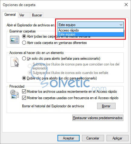 3. Dentro de la opción "Abrir el explorador de archivos en" podrás seleccionar entre las dos opciones comentadas (Acceso rápido / Este equipo). Seleccionas Este equipo si quieres modo completo.
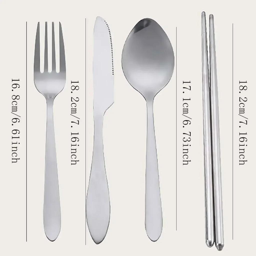 1 Набор Палочки для еды из нержавеющей стали Ложка Вилка Нож для стейка с чехлом для хранения Дорожный набор столовых приборов для кемпинга Портативная посуда
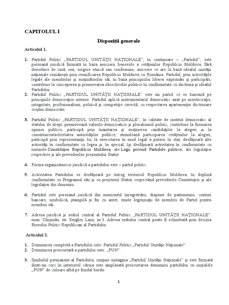 1. Partidul Politic „PARTIDUL UNITĂŢII NAŢIONALE”, este un Partid politic, care militează
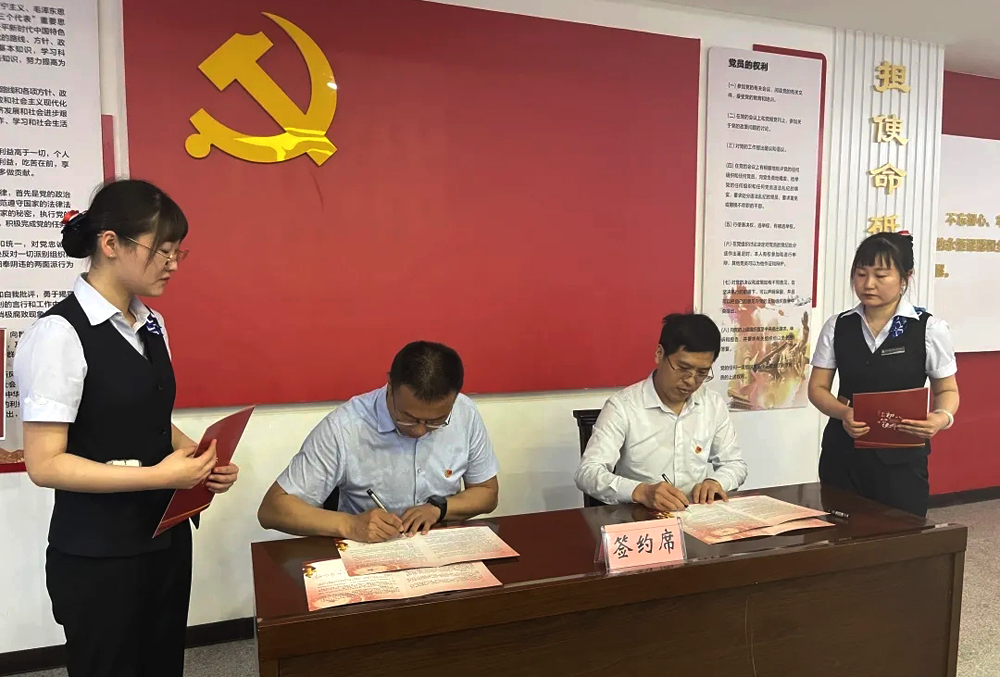 齊陵街道黨工委書記朱冰與臨淄農商銀行黨委書記玄俊峰簽署《黨建共建協議》《戰略合作協議》
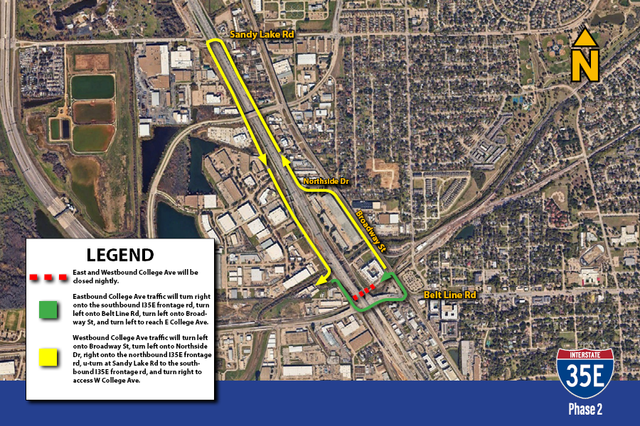 All lanes along College Avenue under I-35E will be closed from 8 p.m. Thursday, April 9 to 6 a.m. Friday, April 10 and continue nightly until Sunday, April 12.
■ ■ ■
Extract, word for word, every line from the one containing "齊陵街道黨工委書記朱冰與臨淄" to the end of the data above, both ends included, and leave out the pictures.

- [Expected answer]:
 齊陵街道黨工委書記朱冰與臨淄農商銀行黨委書記玄俊峰簽署《黨建共建協議》《戰略合作協議》
 All lanes along College Avenue under I-35E will be closed from 8 p.m. Thursday, April 9 to 6 a.m. Friday, April 10 and continue nightly until Sunday, April 12.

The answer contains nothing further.